Synthesis of porous silicon, nickel and carbon layers by vapor phase dealloying

Abstract

Porous thin films have various application fields, e.g., for energy conversion in fuel cells , energy storage in lithium ion batteries or supercapacitors as well for catalysis, filtration and sensing. We synthesized porous thin films by co-evaporating a low-vapor-pressure material (e.g., Si, Ni or C) together with zinc and depositing a compact layer of resulting composite. High-rate deposition process up to 100 nm/s was realized by electron beam physical vapor deposition (EB-PVD) of the materials from two graphite crucibles with a fast deflected electron beam in high vacuum. Immediately after deposition, the coated substrates were heated up in vacuum to a temperature above 500 °C and thereby zinc is removed selectively. Due to its higher vapor pressure against that of remaining component, zinc is expelled from the layer and vacancies are generated by so called vapor phase dealloying (VPD). We investigated the feasibility of VPD process for the elements silicon, nickel and carbon.

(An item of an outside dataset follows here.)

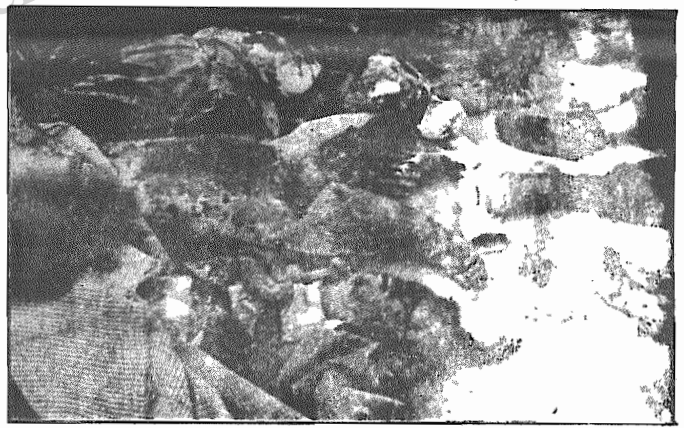
کشتار رژیم جمهوری اسلامی در کردستان "این سند جنایت ارتجاع"

The elemental composition and the morphology of the layers prior and after thermal annealing were analyzed by scanning electron microscopy, by energy-dispersive X-ray spectrometry and by X-ray diffraction. • High-rate deposition of compact multiphase layers by co-evaporation of Zn together with Si/Ni/C • Layer morphology can be adjusted by deposition parameters. • Subsequent thermal annealing in vacuum for expelling zinc and generating pores • Porous structure can be adjusted by layer morphology and annealing parameters.